This coincides with the sudden drop in Google searches for bitcoin and others,
also I've noticed the number of users online on poloniex has dropped
significantly. This seasonal pattern was first observed with bitcoin, check
this out: [https://medium.com/@octskyward/bitcoin-s-seasonal-
affective-...](https://medium.com/@octskyward/bitcoin-s-seasonal-affective-
disorder-35733bab760d)

Also, other negative news: 1. Alphabay, the largest darknet market went
offline, not sure if that is significant. 2. Bitnumb, largest(?) crypto
exchange in South Korea got hacked, also not sure how much impact this had,
but usually an exchange hack has a short term effect on prices and there has
been a lot of recent activity in SK.

Other reason may be that boom and bust cycles are a natural occurrence of
crypto markets.
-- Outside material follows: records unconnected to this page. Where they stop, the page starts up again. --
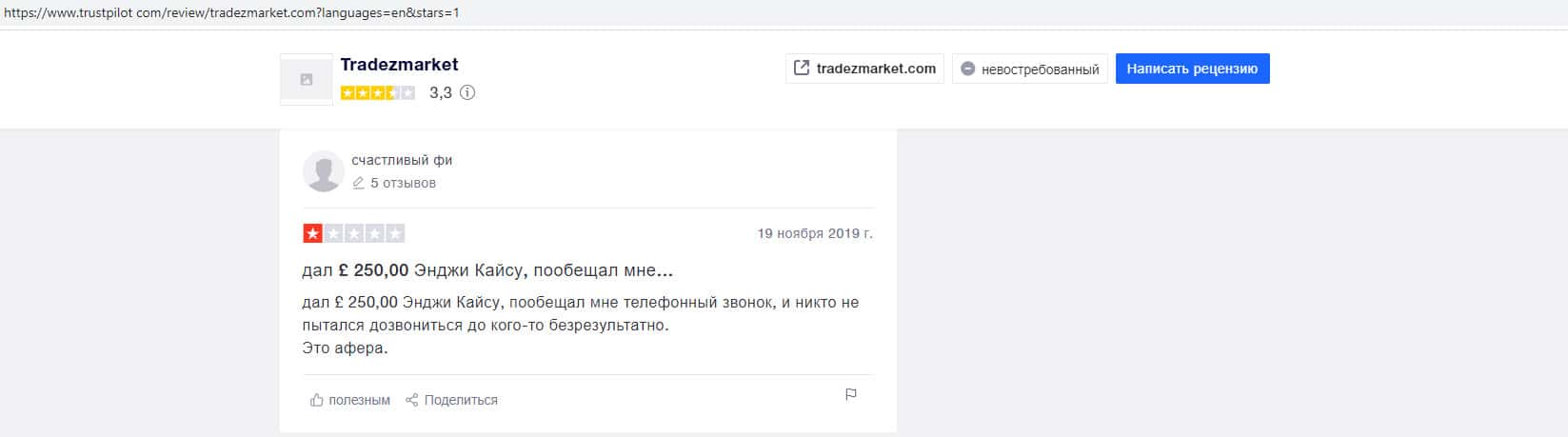 Автор этого негативного отзыва на сайте-отзовике trustpilot com дал 250 фунтов стерлингов Энджи Кайсу, менеджеру, который представлял контору Трейдез Маркет, после он пообещал ему сделать телефонный звонок, но телефонного звонка не было, даже извинений по этому поводу, просто они слились. Они просто решили выкачать деньги из наивного пользователя интернета.
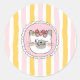 Adicione um toque de cor e doçura com este adesivo de gato adorável! O design apresenta um gato fofo sentado no centro de listras amarelas e rosas imperfeitas, criando um fundo divertido e artístico com uma vibe pastel suave. As listras ligeiramente irregulares lhe dão um aspecto artesanal divertido que se destaca lindamente.
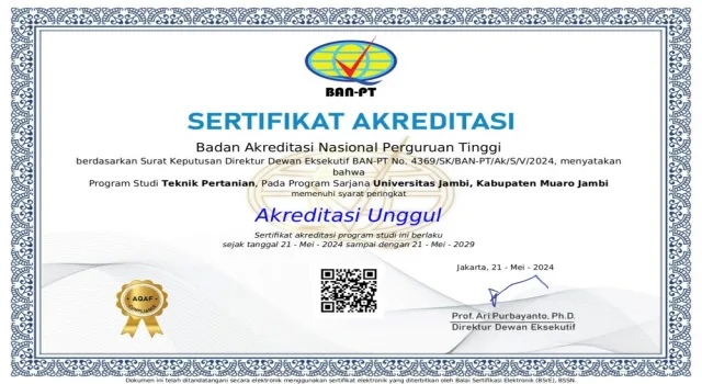 JAMBI, Beritategas.com – Program Studi Teknik Pertanian (TEP) Fakultas Pertanian (FAPERTA) Universitas Jambi (UNJA), berhasil meraih akreditasi ‘Unggul’ dari Lembaga Akreditasi Mandiri Kependidikan (LAMDIK) sesuai dengan SK Direktur Dewan Eksekutif Badan Akreditas Nasional Perguruan Tinggi (BAN-PT ) nomor 4369/SK/BAN-PT/Ak/S/V/2024 tanggal 21 Mei 2024, berlaku mulai tanggal 21 Mei 2024 hingga 21 Mei 2029.
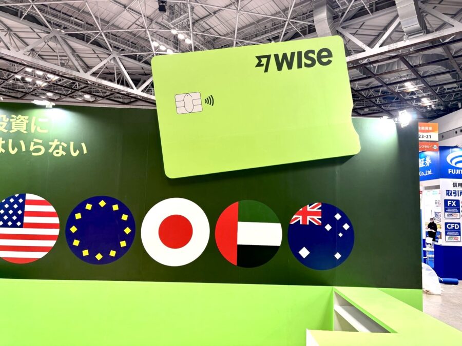 ブースの右上部に、ICチップと非接触決済マークがデザインされた巨大なカードのオブジェが飛び出すように設置されています。一目で決済や金融系のサービスであることが直感的に伝わるインパクトのある仕掛けです。
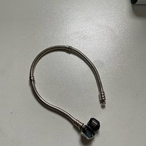 My daughter can no longer fit this Pandora bracelet. It’s silver and still closes in the snap. Needs a little cleaning but in decent condition. Measures about 6.5” so definitely for a smaller wrist. No box and no receipts.
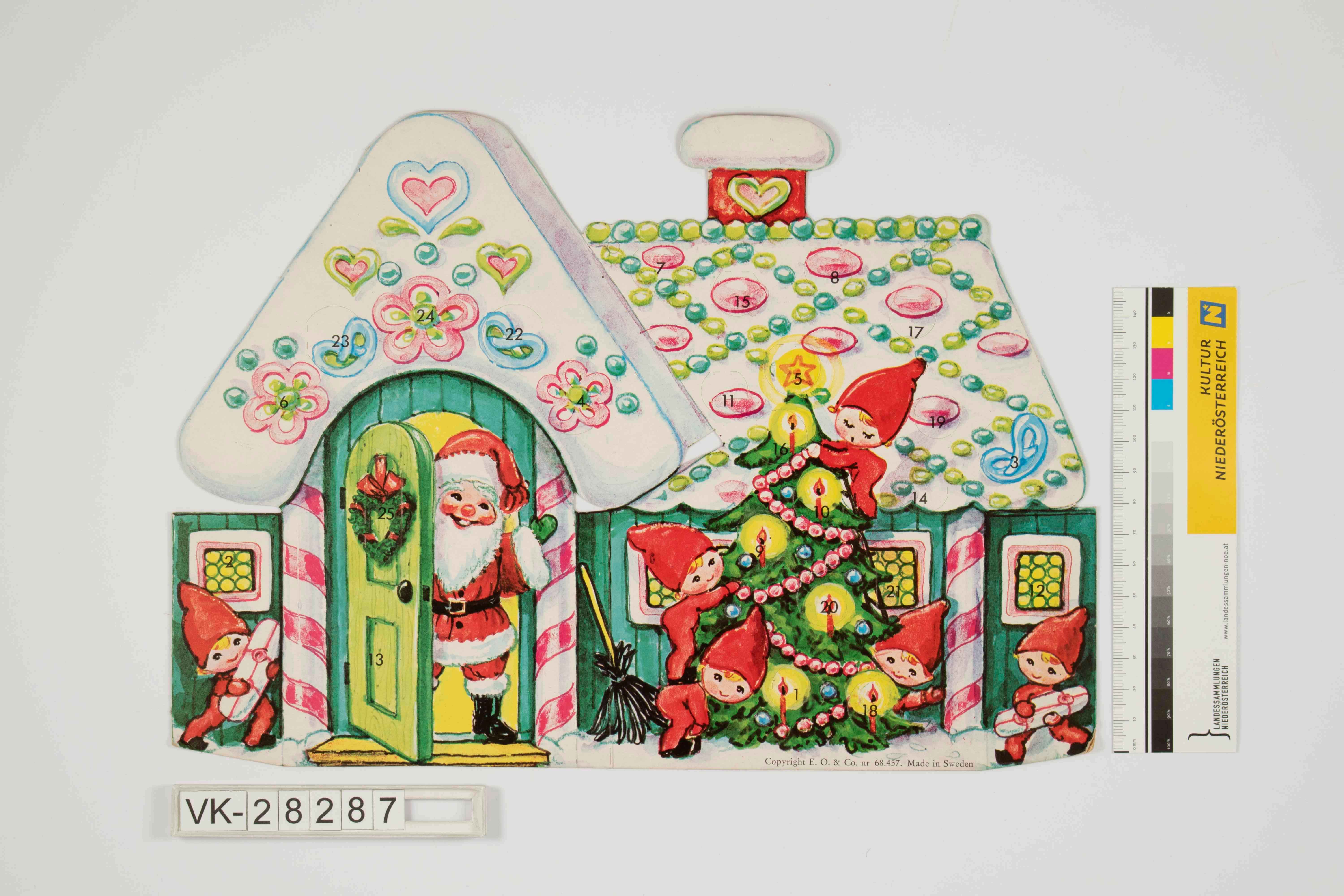 Hängeadventkalender, Querformat, in Form eines grünen Knusperhäuschens mit aus der Tür winkendem Weihnachtsmannes und rot gekleideten und -bemützten Wichteln welche einen Christbaum schmücken und Packerl bringen; runde Türchen am Dach verteilt und rechteckige in den Fenstern und der Tür; rechts unten Herkunftsangaben sowie die Nummer 68 457.

They were getting white-hot for the last few months and
finally need some time to cool. So move along, nothing to see.. The cycle
continues. The next boom might be bigger than anything we've seen before :-)

------
davidgerard
"Market cap" is a vacuous and bogus number.

Cryptocurrency advocates and lazy journalists like to talk about it, but it's
not actually useful - it’s not money that was put into the crypto, it’s not a
realisable value like a company market cap, it doesn’t affect prices. It’s
just an easily-calculated number that sounds good in a headline. It literally
doesn't indicate anything.

Trading is so thin in any crypto, even Bitcoin, that you could never realise a
fraction of the number in any way.

If you want to compare interest and activity in crypto assets, you need to
compare trading volumes, if you can find good numbers for those.

What the drop indicates is that prices in _all_ cryptos track each other, as
is usual.

------
ukd1
It looks like if you stack them it would be largely flat; just movement from
btc --> ripple, eth?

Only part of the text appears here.